After winning the Wadsworth Sectional and North Canton Hoover District, he’ll compete in a loaded weight class that includes returning state champions in Elyria’s Brendon Fenton and Brecksville’s Julian Tagg.
Heil could meet Tagg in the semifinals, with Fenton likely waiting in the wings in the finals.
No sweat. As he said before, it’s just wrestling.
“You don’t have to tell him to go,” Koshar said. “He’s ready to go. When the ref blows the whistle, he’s ready. It’s just outworking your opponent, and that’s what he tries to do every single solitary day.”
That said, Heil hasn’t made wrestling his entire life. While he wants to wrestle in college, it’s not the be-all, end-all.
“When he walks out of the wrestling room, wrestling is over,” Mike Heil said. “He’s not one of those guys that says, ‘I have to read the internet.
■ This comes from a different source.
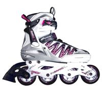 Łyżworolki do jazdy rekreacyjnej. Kółka o twardości 82A doskonale pochłaniają drgania nawet na nierównym podłożu, łożyska klasy ABEC5 Carbon gwarantują dużą precyzję wykonania, dzięki czemu są trwałe a kółka szybsze, zaś wykorzystanie bardziej elastycznej płozy PP zwiększa amortyzację.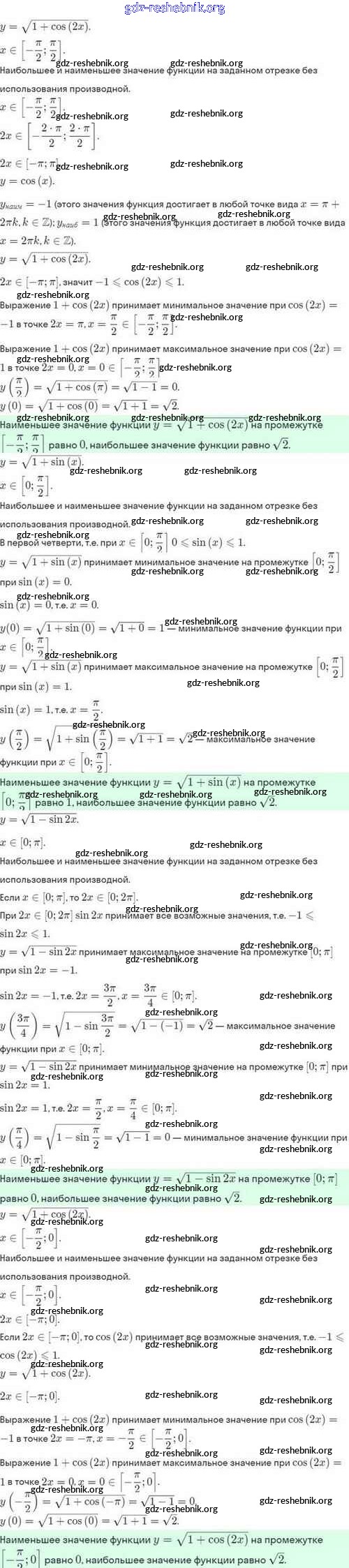 ГДЗ решебники Задачник по Алгебре 10 класс Мордкович, Семёнов Базовый и углубленный уровень - §46. Нахождение наибольших и наименьших значений функции 46.4

I have to watch videos.’ He gets away from it, and that’s how he releases from it.
“His brothers will text and talk, but other than that his way to separate from the world is to leave it. It’s homework. It’s playing video games. It’s playing with his dog. Once he leaves, he doesn’t sweat wrestling at all.”
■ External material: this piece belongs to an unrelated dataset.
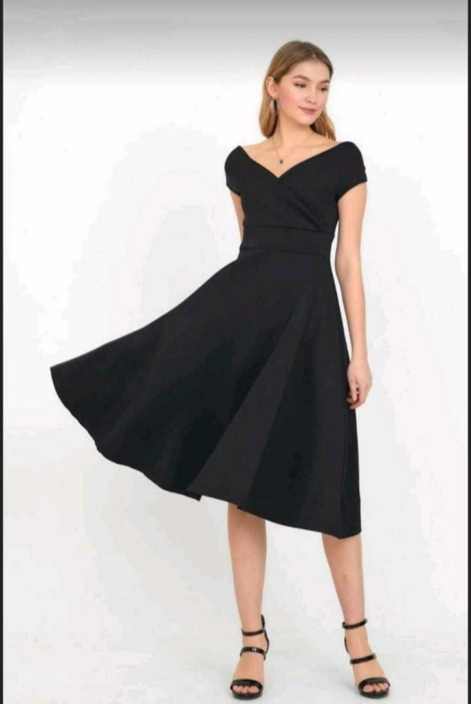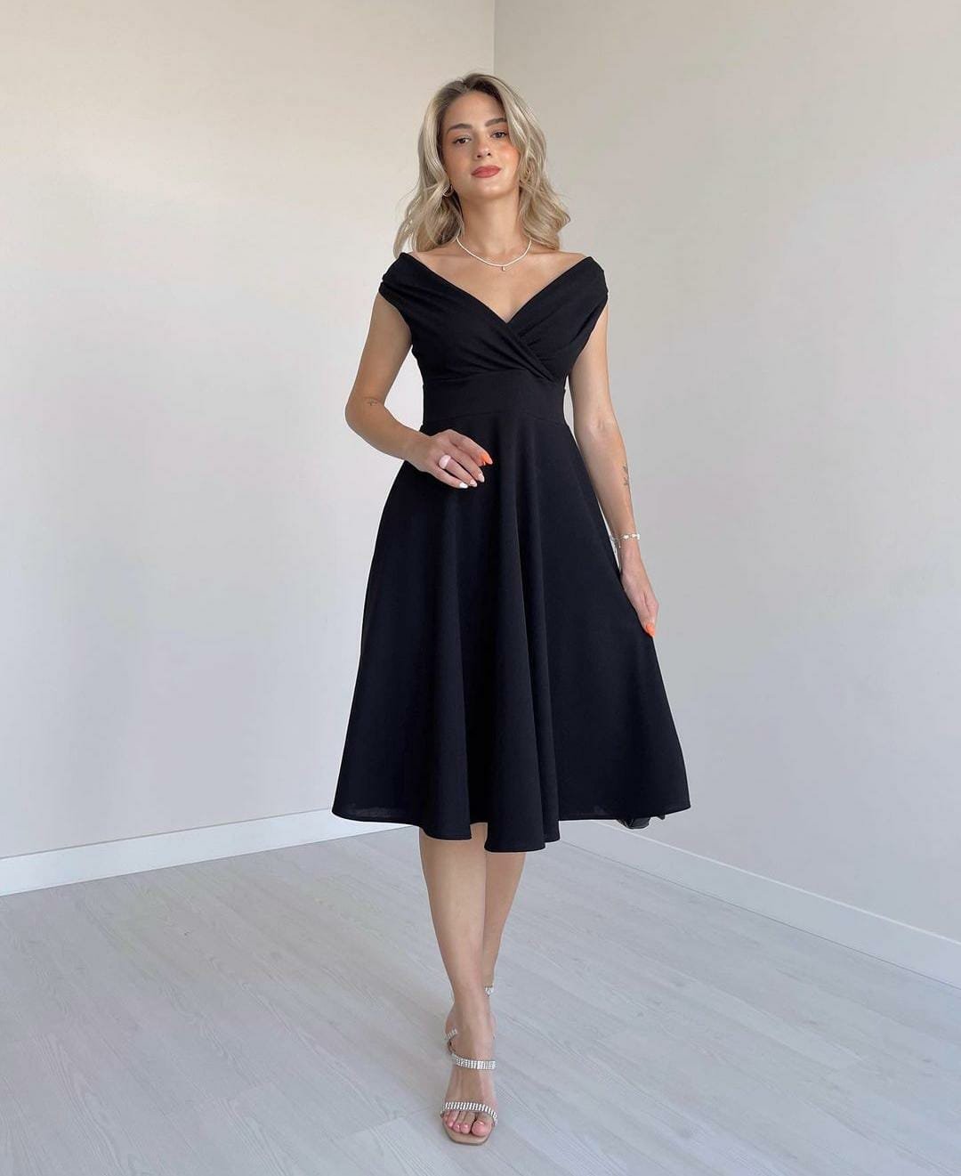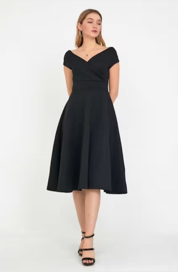 Kadın Kısa Kollu Yakadan Ve Etekten Fermuarlı Midi Viskon Iki Iplik Elbise

That’s not to say Heil isn’t taking advantage of incredible resources. If there’s a question or if one of his brothers sees something, they’re quick to call with advice.
“There’s a couple moves I’ve pulled from Dean that are great technique-wise,” Heil said. “Honestly, I don’t think anyone knows. Josh, on the other hand, his coaches have taught him how to be more aggressive. That fits well with the person I am. It fits really well.
“I like to take some of Dean and Josh’s technique and work on it myself and make it one style. I’m trying to be the best Logan I can be.”
Heil will step on the mat today with the drive to reach the top. He’ll do so with a 34-3 mark this season and 107 career victories. He’ll do so expecting success.
“It’s something about the fact when he steps out on the mat, he gets it,” Mike Heil said. “He knows he had two brothers before him that did some pretty awesome things. He wants to do awesome things.
“It’s not just because of his brothers. It’s the one thing he does that he really wants to excel at and he does. Somehow, he figures it out. It’s exciting to watch because he works so hard at it.”